Could you output each line below exactly as it appears, excluding any pictures?

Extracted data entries
*-*-*

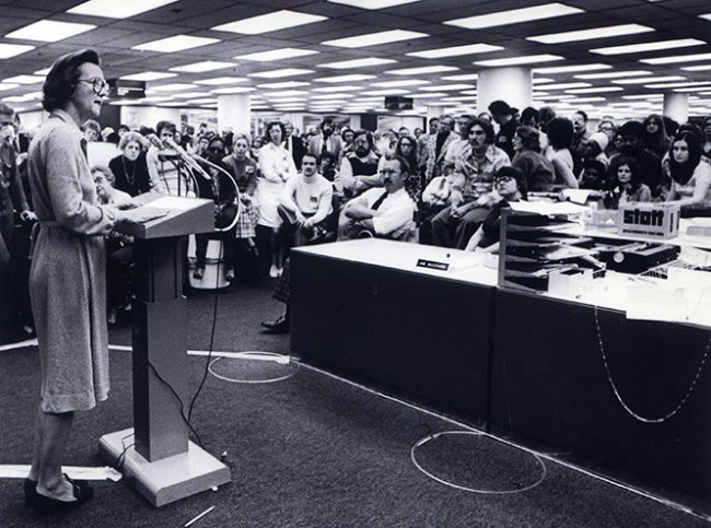 Кэтрин произносит речь перед редакцией, 1975 годВ фильме Спилберга очень хорошо описывается состояние миссис Грэм как женщины, оказавшейся на мужской территории. Они с Филиппом были вхожи во многие знатные дома столицы, в том числе и те, что принадлежали политической элите. Они дружили со всеми ключевыми министрами, неплохо контактировали с Рокфеллерами и Кеннеди, но Кэтрин всегда оставалась просто хорошей матерью и женой успешного человека, который, к слову, вполне мог ей изменить.
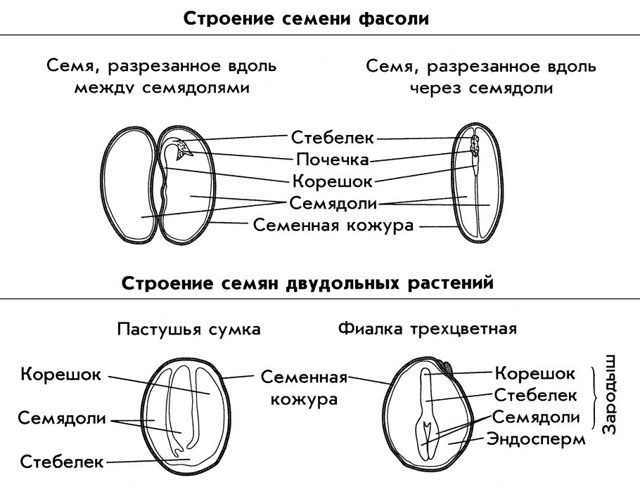 Схема строения семени фасоли
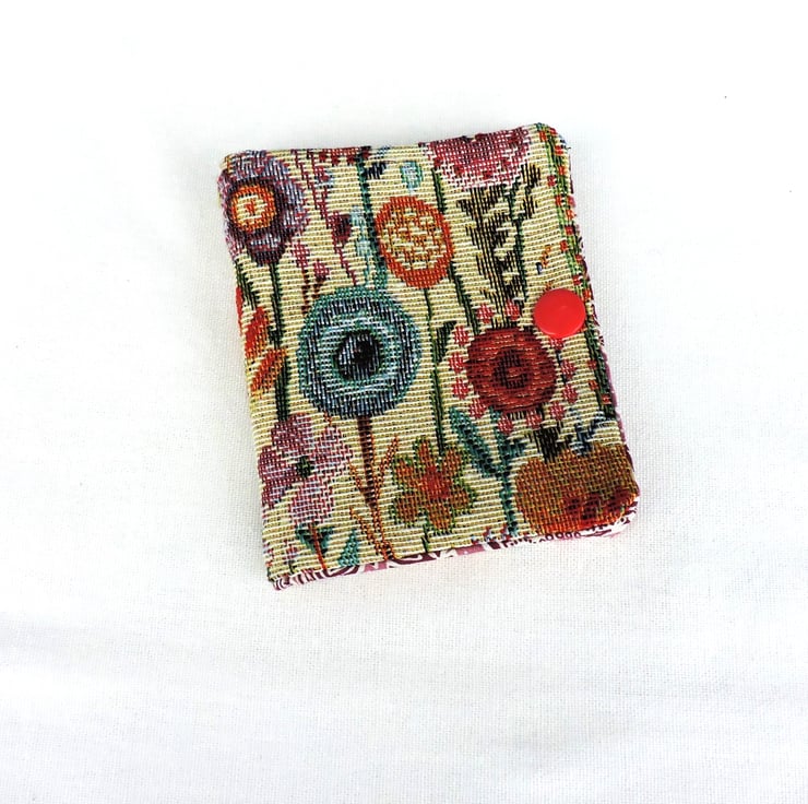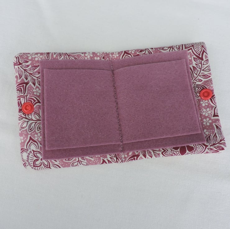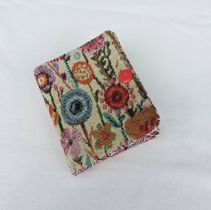 I've made this little sewing needle case from a pretty floral tapestry fabric. A lot of pretty colourful flowers on a cream background has been used for the outer of the case. The inner is a cotton Liberty fabric of white and pink flowers. It has four felt leaves in a dusky mauve and fastens with a little red Kam Snap stud.
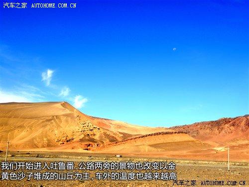 公路兩旁開始出現(xiàn)了以金黃色沙子堆成的山丘,車外的溫度也越來越高,窗外吹來陣陣的暖風(fēng),這也意味著我們開始進(jìn)入吐魯番了。在進(jìn)入吐魯番之前我們已經(jīng)經(jīng)過連了2個小時的趕路,為了安全起見,我們選擇了吐魯番游務(wù)服務(wù)中心休息,而車主和維修人員則開始忙忙碌碌地檢測車輛。
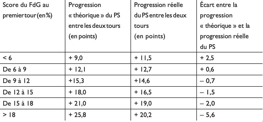 Tableau 6 : L’ écart entre la progression « théorique » et la progression réelle du PS est indexé sur le score du Front de gauche
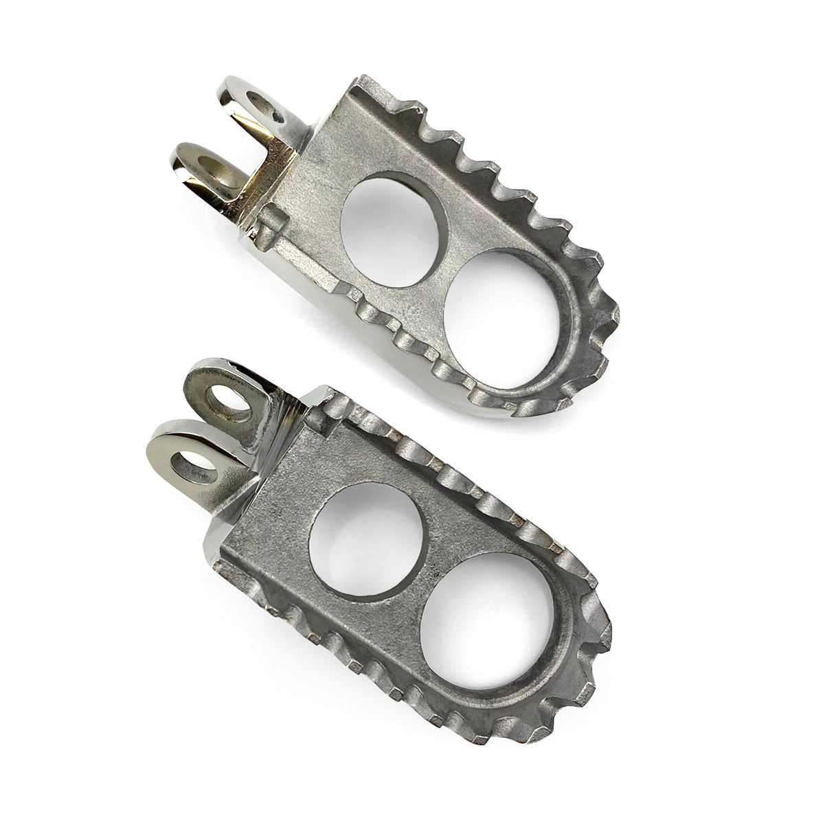 Feature extra wide foot area with deep cleets to keep you in control while putting less stress on a small portion of your foot. Large hole in the centre of the foot peg to eliminate mud / dirt build up. The design of the pegs give maximum strength for the lightest weight. Made from stainless steel so no more rusty pegs and fast spray jobs before the next event. 44mm Wide.
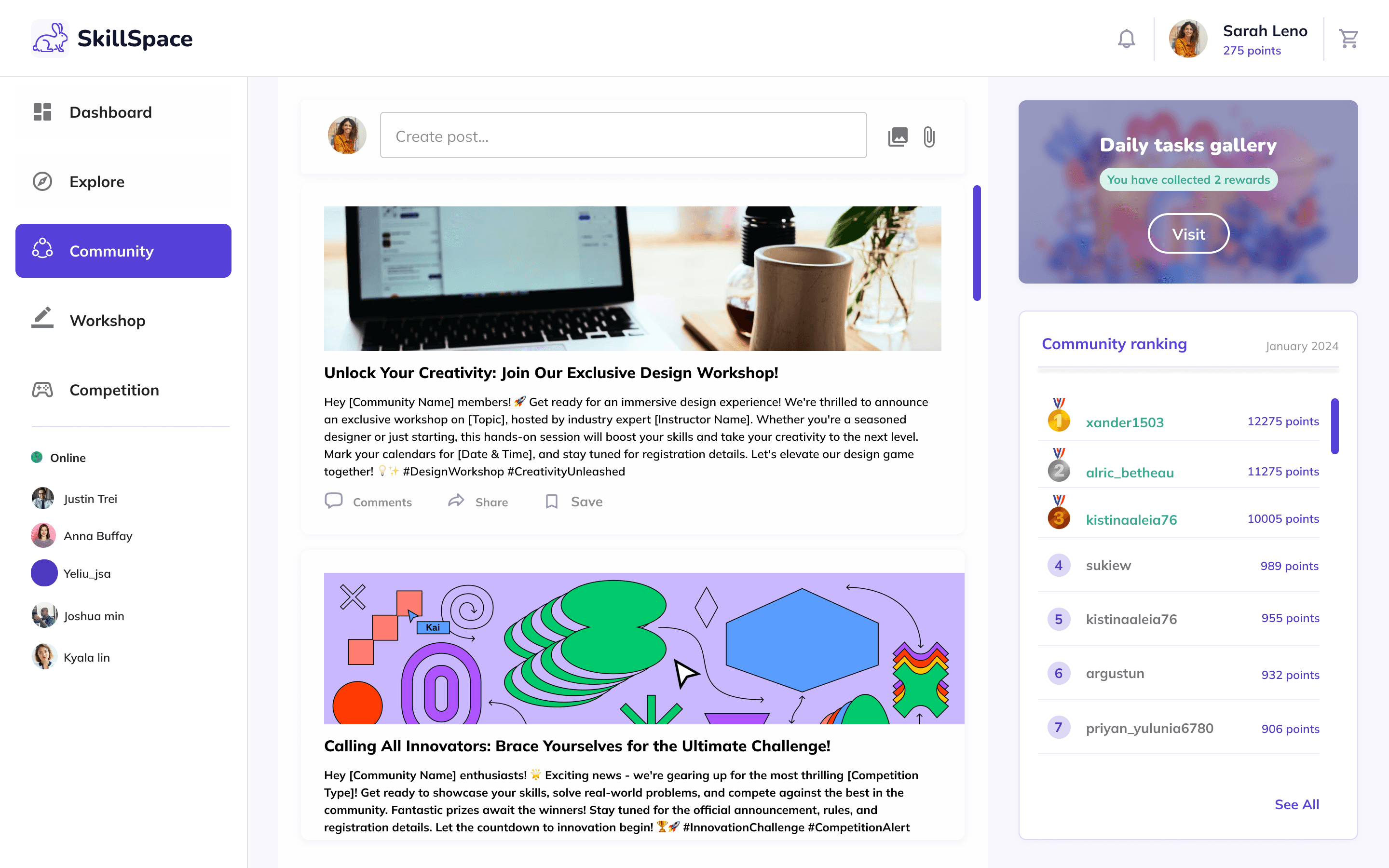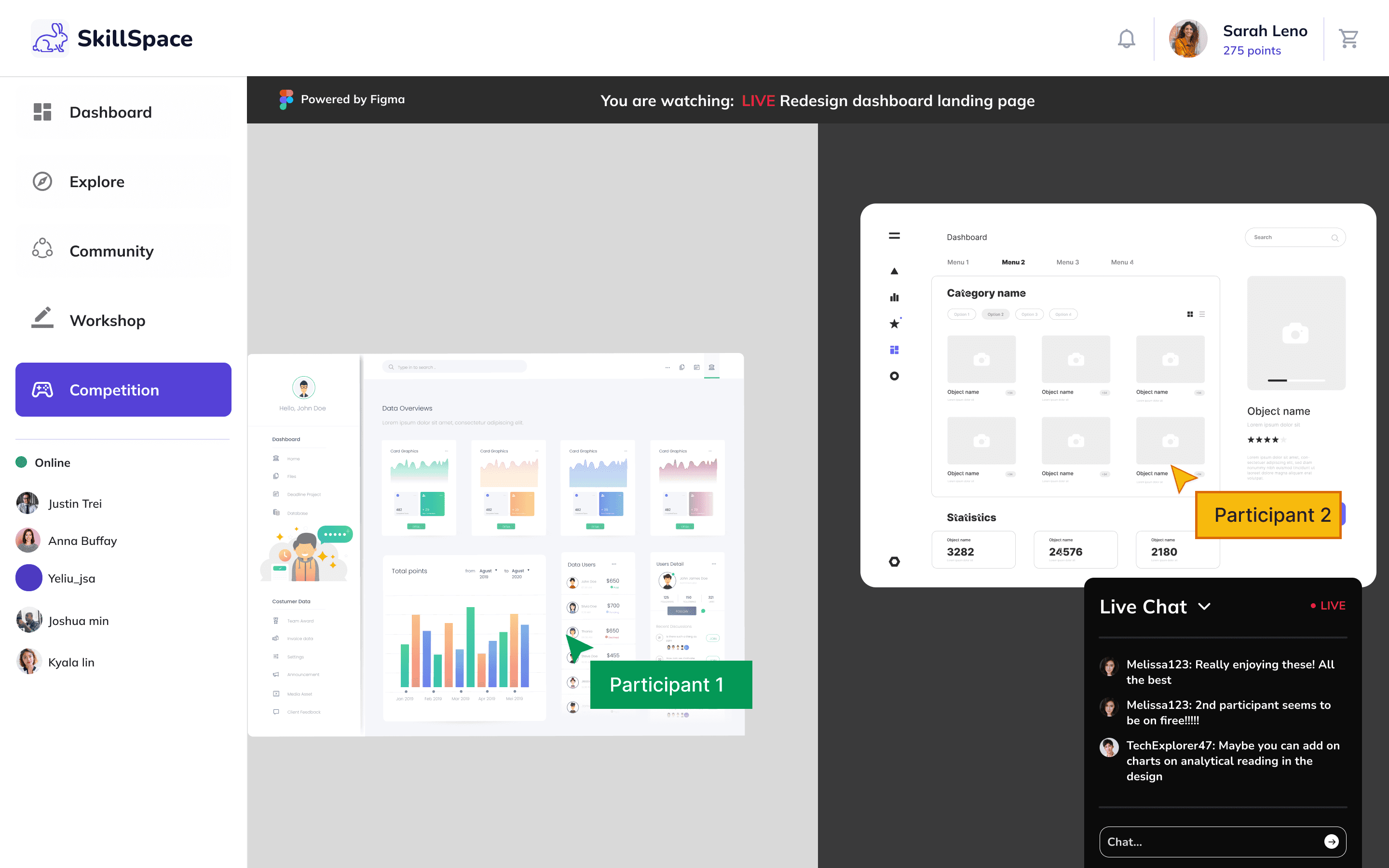 Live sessions to promote healthy competition between users and learn from each other

*-*-*

PROBLEM SOLUTION
 Кэтрин произносит речь перед редакцией, 1975 годВ фильме Спилберга очень хорошо описывается состояние миссис Грэм как женщины, оказавшейся на мужской территории. Они с Филиппом были вхожи во многие знатные дома столицы, в том числе и те, что принадлежали политической элите. Они дружили со всеми ключевыми министрами, неплохо контактировали с Рокфеллерами и Кеннеди, но Кэтрин всегда оставалась просто хорошей матерью и женой успешного человека, который, к слову, вполне мог ей изменить.
 Схема строения семени фасоли
 I've made this little sewing needle case from a pretty floral tapestry fabric. A lot of pretty colourful flowers on a cream background has been used for the outer of the case. The inner is a cotton Liberty fabric of white and pink flowers. It has four felt leaves in a dusky mauve and fastens with a little red Kam Snap stud.
 公路兩旁開始出現(xiàn)了以金黃色沙子堆成的山丘,車外的溫度也越來越高,窗外吹來陣陣的暖風(fēng),這也意味著我們開始進(jìn)入吐魯番了。在進(jìn)入吐魯番之前我們已經(jīng)經(jīng)過連了2個小時的趕路,為了安全起見,我們選擇了吐魯番游務(wù)服務(wù)中心休息,而車主和維修人員則開始忙忙碌碌地檢測車輛。
 Tableau 6 : L’ écart entre la progression « théorique » et la progression réelle du PS est indexé sur le score du Front de gauche
 Feature extra wide foot area with deep cleets to keep you in control while putting less stress on a small portion of your foot. Large hole in the centre of the foot peg to eliminate mud / dirt build up. The design of the pegs give maximum strength for the lightest weight. Made from stainless steel so no more rusty pegs and fast spray jobs before the next event. 44mm Wide.
 Live sessions to promote healthy competition between users and learn from each other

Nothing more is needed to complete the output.